Transfira cuidadosamente a placa para uma incubadora, a 37 graus Celsius com 5% de dióxido de carbono e uma atmosfera umidificada para a cultura por 24 horas. Primeiro, agite suavemente a placa e aspire o meio usado. Adicione dois mililitros de DPBS a cada poço da placa de seis poços.
Em seguida, agite suavemente a placa e aspire o DPBS usado. Adicione quatro mililitros do estágio dois médios, pré-aquecidos a 37 graus Celsius, a cada poço. Transfira cuidadosamente a placa para uma incubadora a 37 graus Celsius com 5% de dióxido de carbono e uma atmosfera umidificada para a cultura por quatro dias.
Agite suavemente a placa e aspire o meio usado. Adicione dois mililitros de DPBS a cada poço. Repita este processo de aspiração e adição de DPPS mais uma vez.

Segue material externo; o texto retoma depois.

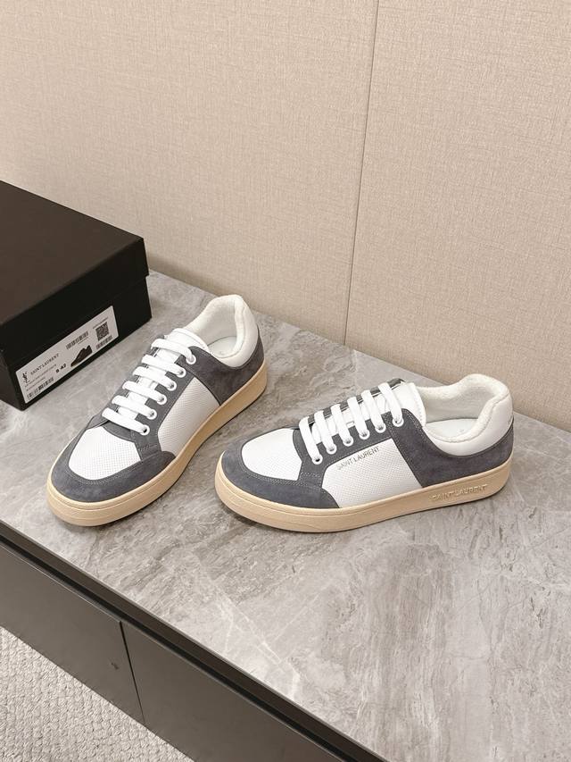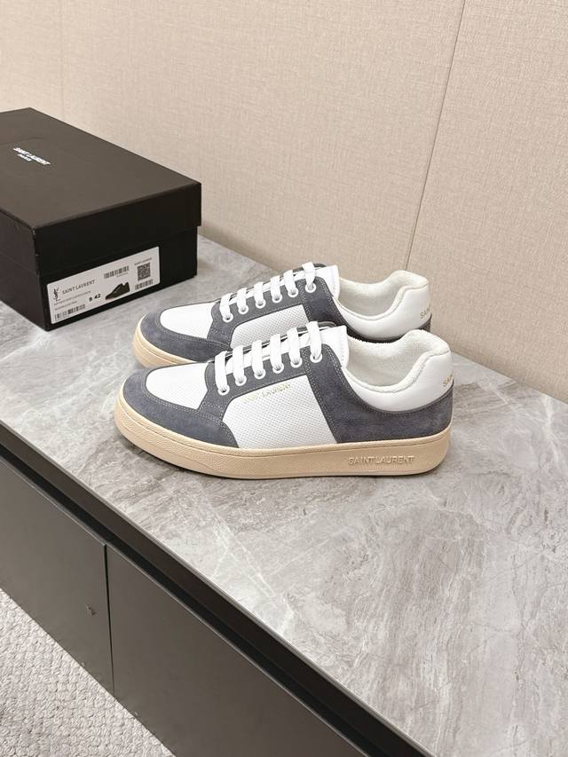 Men's Clothing 10 Saint Laurent's latest couple casual white sneakers, highly recommended by celebrities and fashion bloggers. The same style worn by Park Chae-young (Rose) features a simple, thick sole design with the YSL logo in gold on the outer side, making it highly recognizable and exuding a high-end feel. Simple and easy to match with jeans, skirts, or casual pants
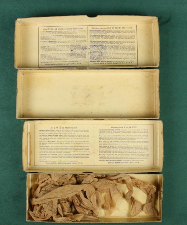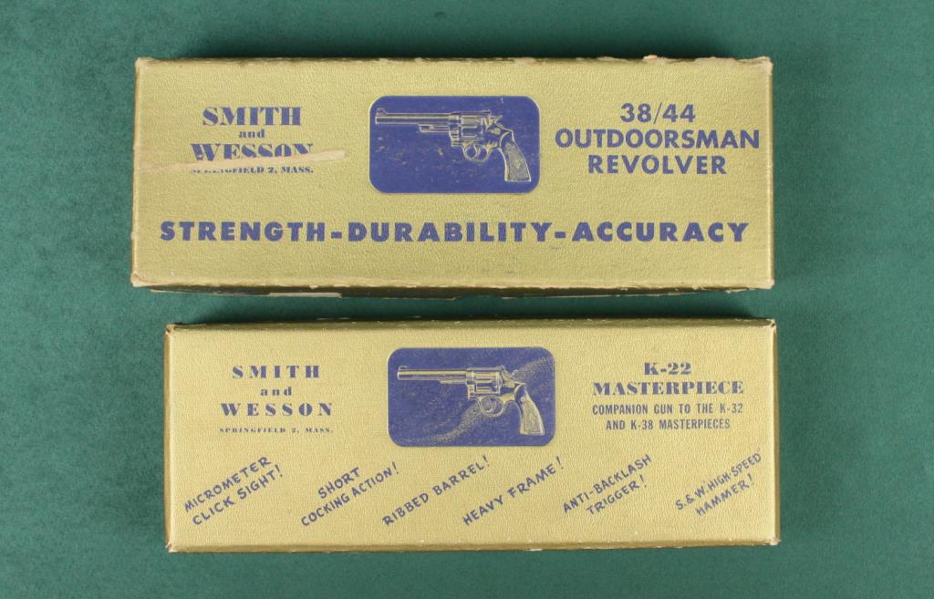 Lot of two early Smith and Wesson gold and  blue two piece factory boxes, both in overall  very good condition; one for a 38/44  Outdoorsman, blue finish, 6-1/2” barrel  revolver; the other for a K-22 Masterpiece,blue finish, 6” barrel; if you have the guns,  you need the boxes!  Est.:  $50-$100.
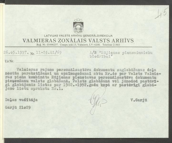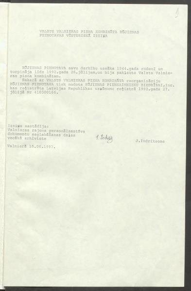 Fonds: Rūjienas pienotava. Lieta: Fonda vēsturiskā izziņa
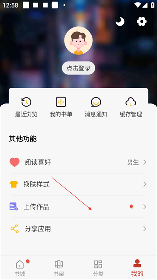 2、在个人中心页面,找到【上传作品】选项并点击,进入作品上传的功能界面,支持漫画、小说类内容的上传。
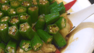秋葵脆爽鲜嫩,土豆泥绵软细腻,舀一勺
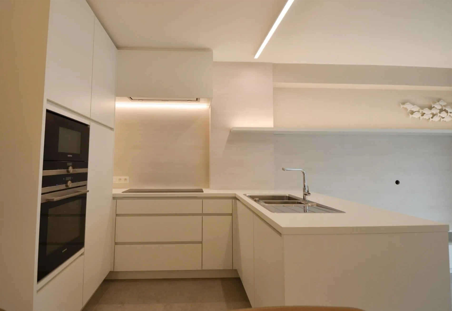Het appartement is voorzien van een open luxe-keuken. De ruime living heeft een terras met zicht op het Fabiolaplein
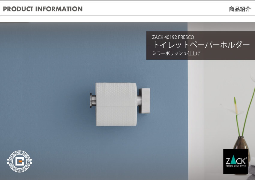 トップ > ZACK MUSEUM > [廃番] ZACK 40192 FRESCO ドイツZACK社製モダンデザインのトイレットロールホルダー 壁付けタイプ DIY

Depois disso, agite suavemente a placa e aspire o DPBS usado. Adicione quatro mililitros do estágio três médio, pré-aquecido a 37 graus Celsius, a cada poço. Transfira cuidadosamente a placa para uma incubadora a 37 graus Celsius com 5% de dióxido de carbono e uma atmosfera umidificada para a cultura por três dias.

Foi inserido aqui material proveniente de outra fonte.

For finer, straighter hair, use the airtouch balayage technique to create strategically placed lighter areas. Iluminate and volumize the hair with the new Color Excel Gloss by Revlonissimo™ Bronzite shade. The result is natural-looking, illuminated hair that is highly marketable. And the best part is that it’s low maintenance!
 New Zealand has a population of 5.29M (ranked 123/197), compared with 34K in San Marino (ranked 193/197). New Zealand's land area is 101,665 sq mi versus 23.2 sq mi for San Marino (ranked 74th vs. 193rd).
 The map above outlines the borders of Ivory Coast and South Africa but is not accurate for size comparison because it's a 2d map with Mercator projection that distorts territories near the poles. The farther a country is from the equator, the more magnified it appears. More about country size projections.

Neste estudo, a propagação de hIPSEs é condensada e forma uma monocamada homogênea adequada para diferenciação. HIPSEs indiferenciados são dissociados e ressecidos como células únicas em baixas densidades celulares. Dentro de uma hora, as células são anexadas à placa e começam a mostrar saliência.
No primeiro dia, as células são proliferadas e bem distribuídas para cobrir 80 a 90% da área da superfície. Nos dias três e quatro, as células formam uma folha homogênea de monocamadas que pode ser descrita como uma aparência de paralelepípedo. Neste ponto, a maioria das células param de expressar SOX2, que é um marcador para células indiferenciadas, e em vez disso expressam um marcador de endoderme definitivo, SOX17, a mais de 90%A maioria das células positivas sox17 expressam FOXA2.
Em seguida, as células começam a expressar os marcadores primitivos goptupe, HNF1-beta e HNF4-alpha, e eventualmente expressam um marcador progenitor pancreático posterior, PDX1, a mais de 90%A indução celular PDX1-positiva é reproduzível em outra linha hIPSE, 1231A3, e uma linha hESE, KhES-3. Os resultados do QRTPCR da expressão MRNA dos marcadores de estágio são consistentes com a imunossuagem e a expressão MRNA do PDX1 é evidente na fase três e aumenta substancialmente depois. Uma vez que as células ESIPS indiferenciadas são cultivadas como colônias, as células individuais estão localmente em um estado diferente.
Este protocolo fornece uma maneira de estimular as células uniformemente para a diferenciação eleita.